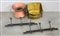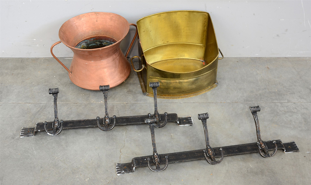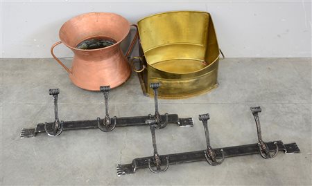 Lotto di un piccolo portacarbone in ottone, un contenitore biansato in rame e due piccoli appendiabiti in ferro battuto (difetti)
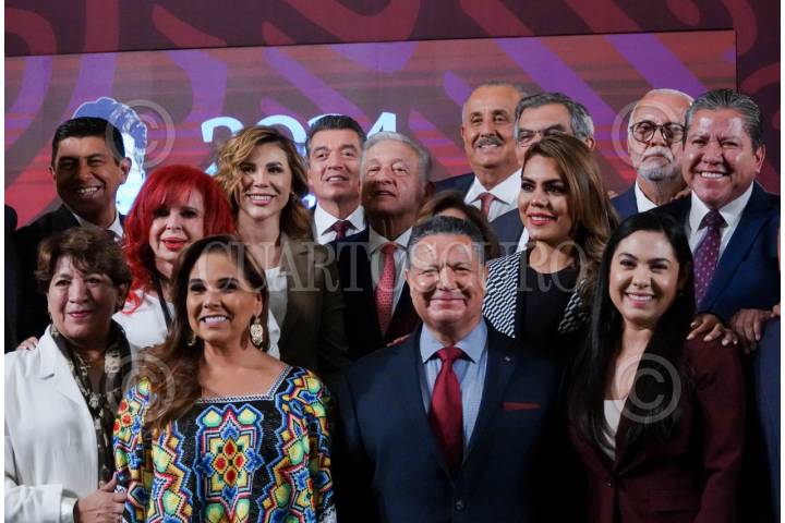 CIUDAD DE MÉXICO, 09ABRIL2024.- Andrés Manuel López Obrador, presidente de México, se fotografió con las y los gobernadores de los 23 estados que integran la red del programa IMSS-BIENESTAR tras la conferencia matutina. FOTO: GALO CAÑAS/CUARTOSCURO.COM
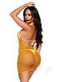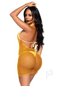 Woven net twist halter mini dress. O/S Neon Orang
====
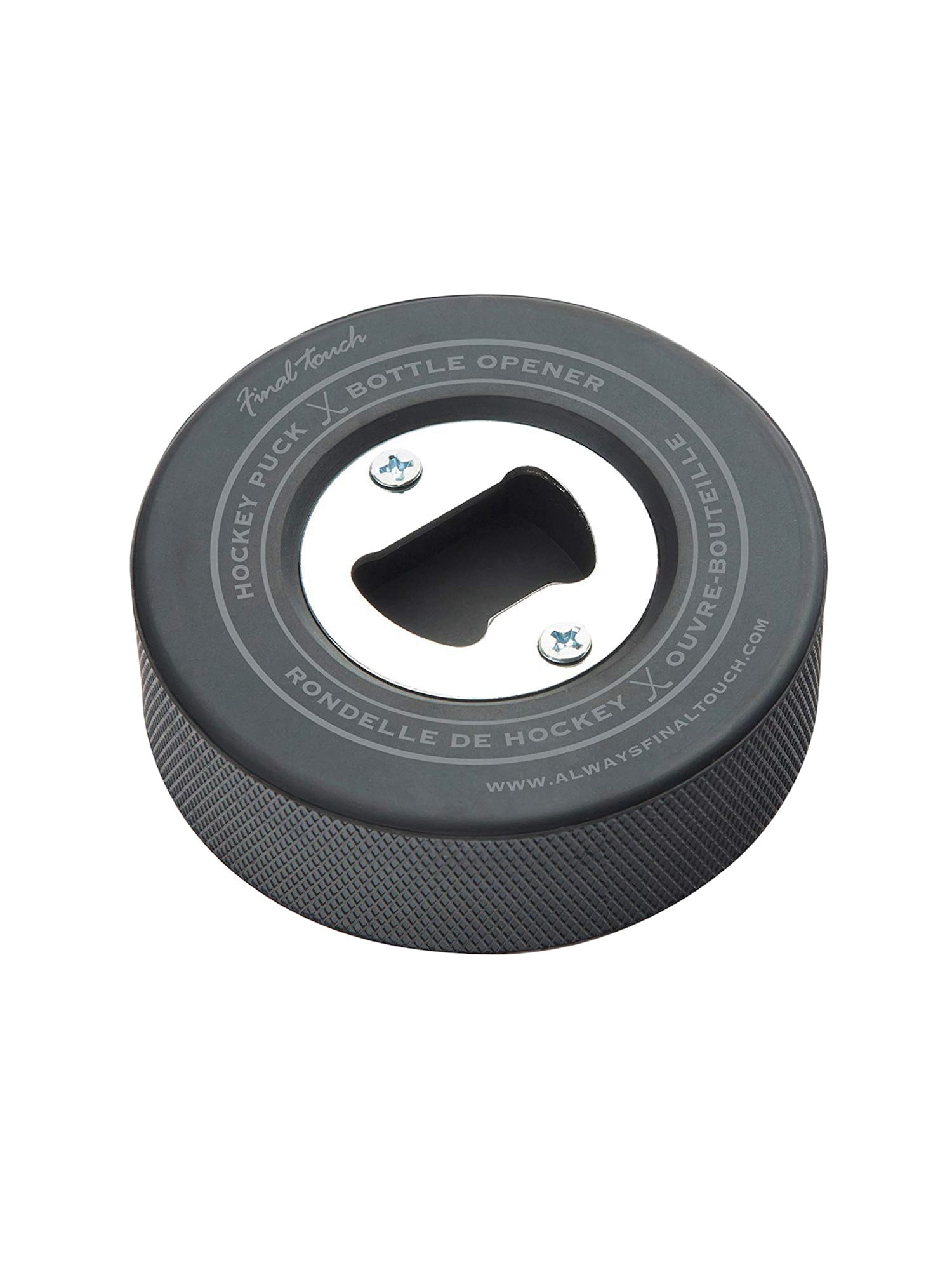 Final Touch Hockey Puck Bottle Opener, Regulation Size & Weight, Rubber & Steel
====
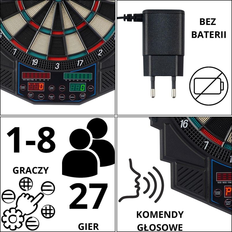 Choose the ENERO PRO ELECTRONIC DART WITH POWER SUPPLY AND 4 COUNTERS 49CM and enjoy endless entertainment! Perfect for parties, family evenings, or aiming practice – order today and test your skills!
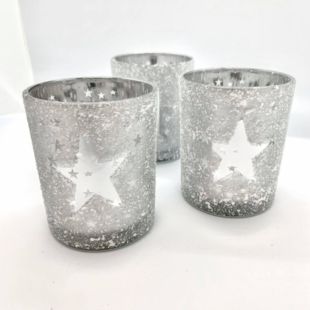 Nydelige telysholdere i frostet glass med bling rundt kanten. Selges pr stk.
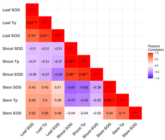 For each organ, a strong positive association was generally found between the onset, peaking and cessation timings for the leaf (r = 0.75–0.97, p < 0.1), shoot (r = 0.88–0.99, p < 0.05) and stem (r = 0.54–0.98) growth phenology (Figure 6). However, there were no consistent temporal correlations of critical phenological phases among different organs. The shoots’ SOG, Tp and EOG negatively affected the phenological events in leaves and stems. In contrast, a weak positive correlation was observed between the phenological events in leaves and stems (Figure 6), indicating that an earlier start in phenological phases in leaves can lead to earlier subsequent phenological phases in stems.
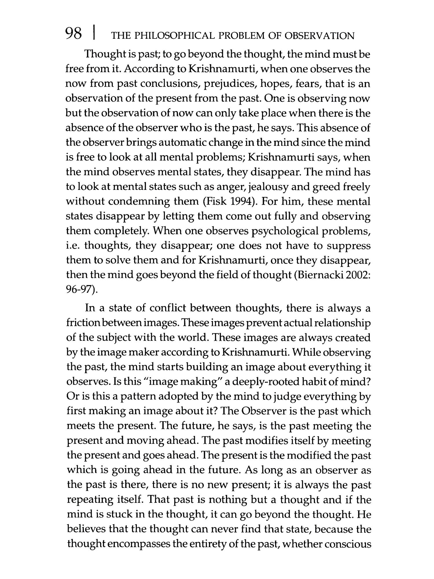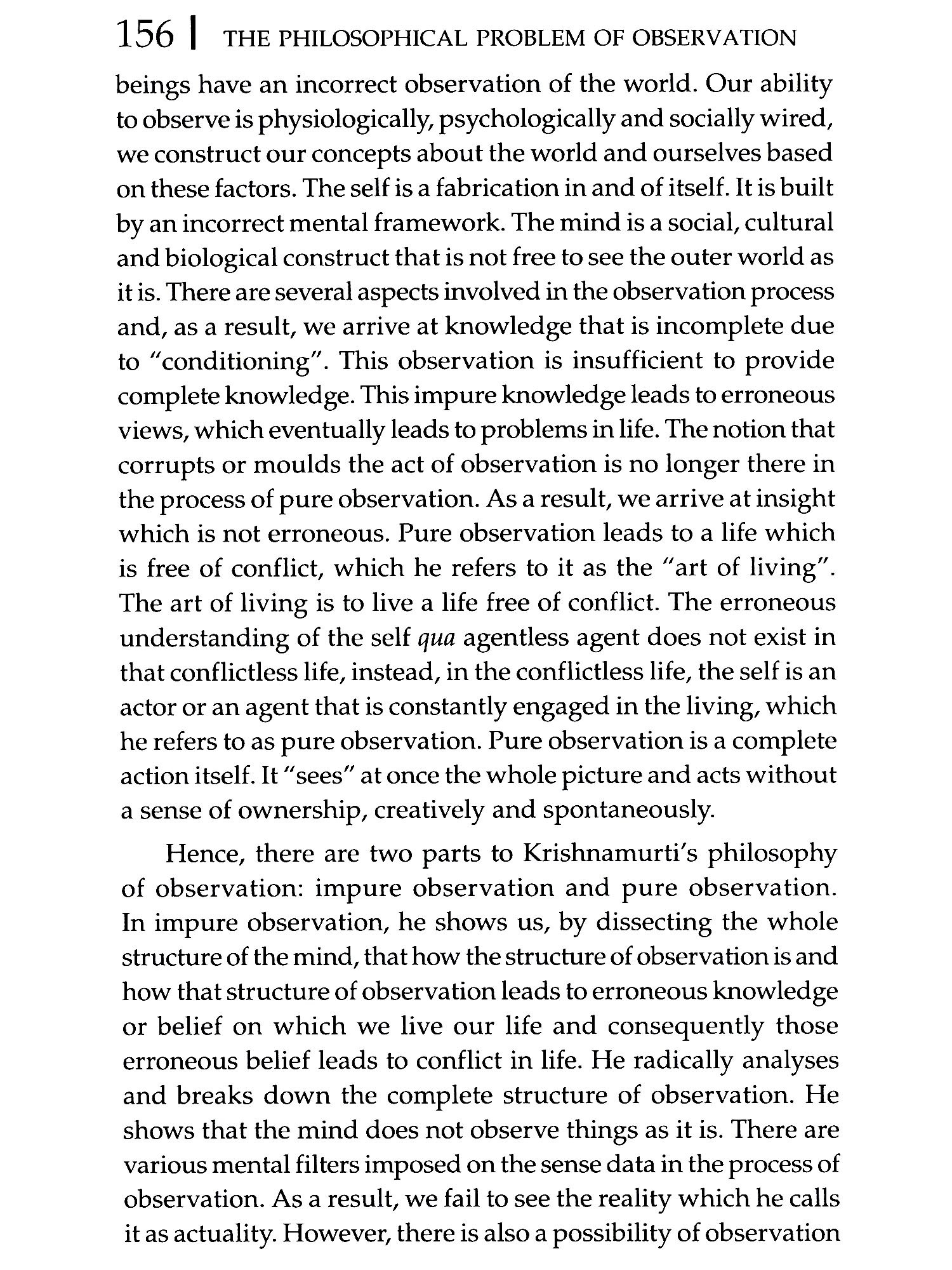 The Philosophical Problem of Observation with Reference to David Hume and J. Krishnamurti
====
EXERCISE PROMPT -
Starting with the line that has "Lotto di un" and going on through the line that has "CIUDAD DE MÉXICO, 09ABRIL2024.- Andrés", transcribe the records above exactly, but skip the pictures.

OUTPUT BELOW -
 Lotto di un piccolo portacarbone in ottone, un contenitore biansato in rame e due piccoli appendiabiti in ferro battuto (difetti)
 CIUDAD DE MÉXICO, 09ABRIL2024.- Andrés Manuel López Obrador, presidente de México, se fotografió con las y los gobernadores de los 23 estados que integran la red del programa IMSS-BIENESTAR tras la conferencia matutina. FOTO: GALO CAÑAS/CUARTOSCURO.COM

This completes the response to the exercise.